Avevano appena iniziato a sorseggiare la birra che Meinrad li raggiunse
e si soffermò a parlare un po' con loro. Era davvero un
brav'uomo: aveva aiutato un sacco la ragazza in quei giorni. Per non
parlare di Ethelind che era sempre disponibile. Una sera, quando questa
era andata a controllare che tutto fosse a posto, le
raccontò che aveva perso sua madre quando aveva solo due
anni, quindi era stato il padre a crescerla, da solo. Lei lo aveva
aiutato sempre nella locanda, fin da bambina.
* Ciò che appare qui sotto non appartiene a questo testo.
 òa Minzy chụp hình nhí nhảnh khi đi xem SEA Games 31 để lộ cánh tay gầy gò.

Meinrad era
orgogliosissimo di lei, l'amava profondamente.
Fu davvero felice di vedere che Monica aveva ceduto a stare un po'
lì con loro, quella sera. Era preoccupato, perché
vedeva che la ragazza era stanca e tesa come una corda di violino:
sempre in ansia e preoccupata che l'Elfo potesse morire da un momento
all'altro. E lui sapeva cosa volesse dire essere in apprensione per
qualcuno: sua moglie era morta dopo mesi di malattia.
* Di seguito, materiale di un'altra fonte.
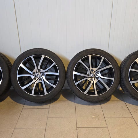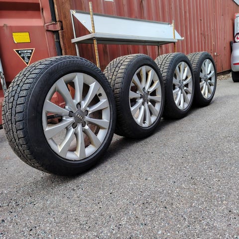 Komplett hjulsett med veldig fine grå felger og gode Goodyear Helårsdekk 215/50/17 til salgs.

Ad un tratto un tizio ad un tavolo iniziò a cantare, forse
aveva alzato un po' troppo il gomito, ma i compagni lo seguirono subito
a ruota dopo la prima strofa della canzone. Avevano l'attenzione di
tutti rivolta su di loro. Qualcuno batteva le mani a ritmo e quando la
canzone terminò, ci fu uno scroscio di applausi.
Monica sorrise divertita: il tipo era tutt'altro che intonato. I due
Uomini si lanciarono un'occhiata e sorrisero contenti.
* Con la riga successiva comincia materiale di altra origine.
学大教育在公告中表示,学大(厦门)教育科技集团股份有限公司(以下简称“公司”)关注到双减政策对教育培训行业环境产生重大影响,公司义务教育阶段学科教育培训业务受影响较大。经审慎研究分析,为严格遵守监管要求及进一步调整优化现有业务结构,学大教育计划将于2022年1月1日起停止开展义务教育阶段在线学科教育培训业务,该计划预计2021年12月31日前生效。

Poco dopo attaccò a cantare un tizio di un altro tavolo,
questa volta la canzone sembrava fosse conosciuta e tutta la stanza la
intonò, compresi Garion e Meinrad, con i boccali levati in
alto.
Monica iniziò a ridere divertita, anche perché il
tizio, vedendo il successo riscontrato, era salito sulla panca e aveva
anche iniziato a ballare. Finita la canzone ci furono delle ovazioni e
ancora applausi.
Poi Meinrad si congedò: era stato chiamato ad un tavolo.
- Non potete nemmeno immaginare che piacere è vedervi
ridere. - esclamò Garion ammiccando.
La ragazza sorrise e poi sospirò – In effetti mi
ci voleva… ma tra poco tornerò di sopra. -
dichiarò portando la sua attenzione sul suo boccale.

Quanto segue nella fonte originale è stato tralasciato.